I suoi lavori vengono ripresi spesso e non vanno, come capita molte volte con la musica contemporanea, nel dimenticatoio dopo la prima. Questo Requiem, dopo Spoleto è già stato eseguito a Bolzano, ora arriva a Milano e in aprile sarà a Roma alla Sapienza.

«Questo è importante, perché dietro ogni partitura c’è tanto lavoro. Così come è fondamentale che il compositore si problematizzi sull’aspetto del dialogo con il pubblico per far arrivare nel modo più chiaro la nostra complessità. Una complessità che esiste perché come uomini siamo complessi, perché siano nel 2020 e abbiamo tanta storia della musica alle spalle e quello che facciamo risente inevitabilmente di un passato ricchissimo che ci rende molto sofisticati. Un aspetto che deve essere reso in modo estremamente chiaro perché l’arte deve arrivare con il suo pensiero per una strada che passa dal cuore, per una via emotiva».

Nel secondo Novecento certe avanguardie, però, hanno rischiato di allontanare il pubblico dalla musica, arrivando quasi a teorizzare l’incomunicabilità.

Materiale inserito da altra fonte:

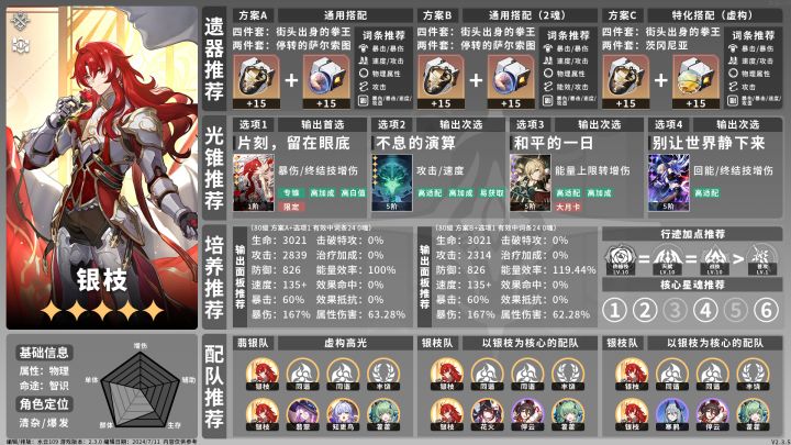 1、在计算银枝的双暴配比时应考虑到天赋提供的2.5*10暴击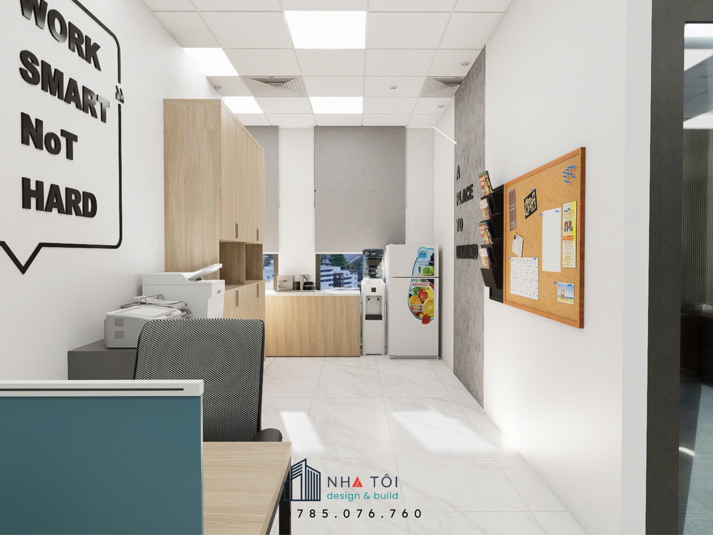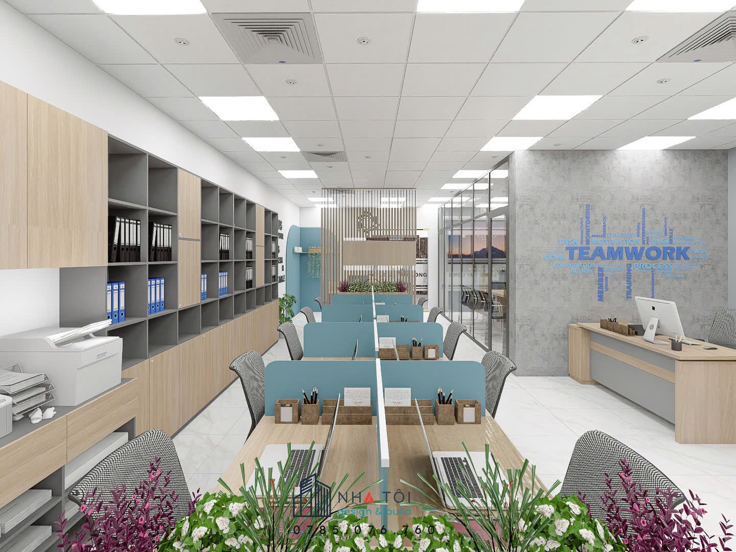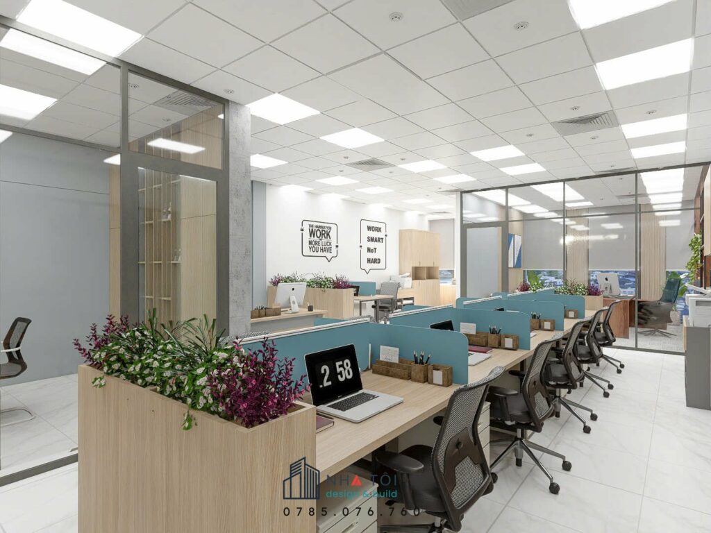 Không gian làm việc chung được bố trí với cụm bàn có vách ngăn thấp, ghế lưới hiện đại và hệ tủ lưu trữ hồ sơ gọn gàng. Tường văn phòng được nhấn bằng slogan “WORK SMART NOT HARD” và cụm chữ “TEAMWORK”, khẳng định tinh thần gắn kết.
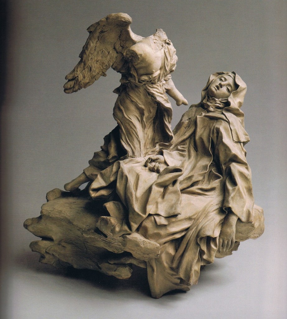 La temática religiosa está magníficamente conseguida en El éxtasis de Sta.Teresa en el que se advierten los rasgos de teatralidad, el naturalismo, la multiplicación de los pliegues de los ropajes, etc. típico del barroco.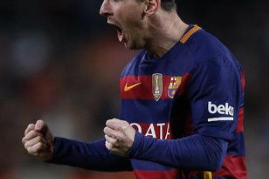 Barcelona's forward Lionel Messi, from Argentina, celebrates after scoring their second goal during the Champions League round of 16 second leg soccer match between FC Barcelona and AC Milan at Camp Nou stadium, in Barcelona, Spain, Tuesday, Mar...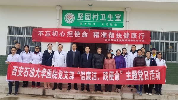 以黨支部為核心積極做好精準扶貧工作。校醫(yī)院負責對口幫扶2個精準扶貧單位,一個是市衛(wèi)計局指定的藍田縣輞川鎮(zhèn)甘家坪村,一個是學校對口的永壽縣永平鎮(zhèn)堅固村。黨支部帶領黨員和其他醫(yī)務人員把活動做到服務現(xiàn)場,支部每季度組織黨員干部赴藍田縣輞川鎮(zhèn)甘家坪村精準扶貧健康幫扶義診活動,每季度赴永壽縣永平鎮(zhèn)堅固村對口的開展義診活動,幫助對口村建設標準化衛(wèi)生室。共為200余名村民進行了健康查體工作,建立了健康檔案200余份,還為對口扶貧戶提供啟動創(chuàng)業(yè)基金,為幫扶對象送去慰問金和生活必需品等。開展健康幫扶義診活動使黨員干部深入基層了解群眾疾苦,零距離診療,提高村民健康水平和生活質(zhì)量,以實際行動“抓黨建,促脫貧”,體現(xiàn)了黨員的社會責任和擔當,增強為民服務的意識,健康幫扶活動得到了群眾的好評和贊譽,以實際行動表達了在學校黨委領導下,打贏脫貧攻堅戰(zhàn)的信心和決心。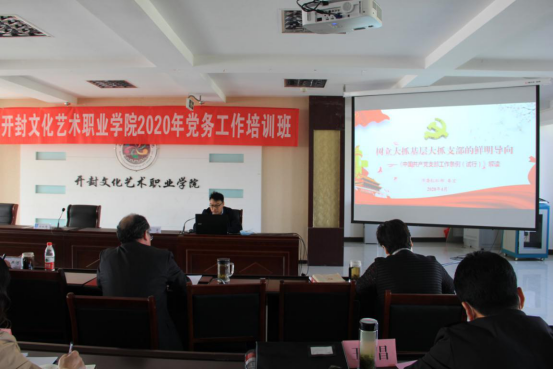 4月29日,学校2020年党务工作培训班在办公楼326开班。全体党委班子成员,各党总支和校企合作学院党支部书记,各院部专职副书记,各行政、教工和学生党支部书记参加学习。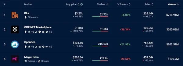 過去一年推出跨鏈支援、獎勵制度、甚至是多鏈錢包的Magic Eden,是除了Blur、OKX外,正在崛起的一股強大勢力,目前根據DappRadar數據,交易量排名NFT交易平台第四,僅次於OpenSea、OKX跟龍頭Blur。

«Questo è un periodo per fortuna superato, che comunque ha fatto i suoi danni. Comprendo che a un certo punto c’è stata la necessità di provare a dire qualcosa di nuovo di fronte a un grande accumulo di passato. Comprensibile, ma se non c’è un’evoluzione la novità fine a se stessa rischia di avere vita breve. Per quel che mi riguarda non ho una visione evoluzionistica dell’arte che procede e rispecchia il presente, ma questo non vuol dire che debba cancellare ciò che c’è stato. Noi abbiamo il peso di avere un passato così ricco, ma anche la fortuna di poter guardare con un respiro molto ampio quel passato. È la nostra forza, ciò che ci rappresenta di più e dobbiamo sfruttarlo. In un pezzo possiamo accostare vocaboli lontanissimi tra loro e questo ce lo permette il nostro tempo ricco di storia. Dobbiamo essere rappresentativi del nostro tempo perché siamo complessi, ma la complessità va raccontata in modo chiaro».

È difficile per una donna essere compositore?

«È difficile per tutti esserlo. In generale c’è meno voglia di capire per emozionarsi quindi ci sono prodotti molto più fruibili di quelli artistici che un compositore propone oggi e le persone si adagiano su cose già note di fronte alle quali non devono pensare molto. Poi c’è chi ha voglia di emozionarsi in modo più profondo, intendiamoci, ma diciamo che il nostro paese coltiva questo troppo poco, dal punto di vista didattico non lavora sulla formazione del pubblico (che poi vuol dire formazione della persona), non lavora sulla crescita culturale. E non lavora sulla produzione, basta guardare i cartelloni dei nostri teatri lirici: quante Traviata e quante nuove opere? Accanto a un repertorio che già conosciamo e che vale la pena valorizzare e fare conoscere, lavoro lodevolissimo, bisogna avere l’intelligenza e il coraggio di capire che esiste un presente: se nel presente non si continuano a produrre nuove opere ci troveremo senza un patrimonio come quello che oggi abbiamo perché ce lo hanno lasciato i compositori di ogni epoca, ma anche perché ci sono stati impresari che hanno creduto nei loro contemporanei (che si chiamavano Rossini, Verdi, Puccini…), nel valore dell’arte e che hanno permesso la nascita di queste opere. Dove sono queste figure? Oggi ci sono, ma per me sono ancora troppo poche Chi ha paura della musica contemporanea? Ahimè, qualcuno c’è ancora».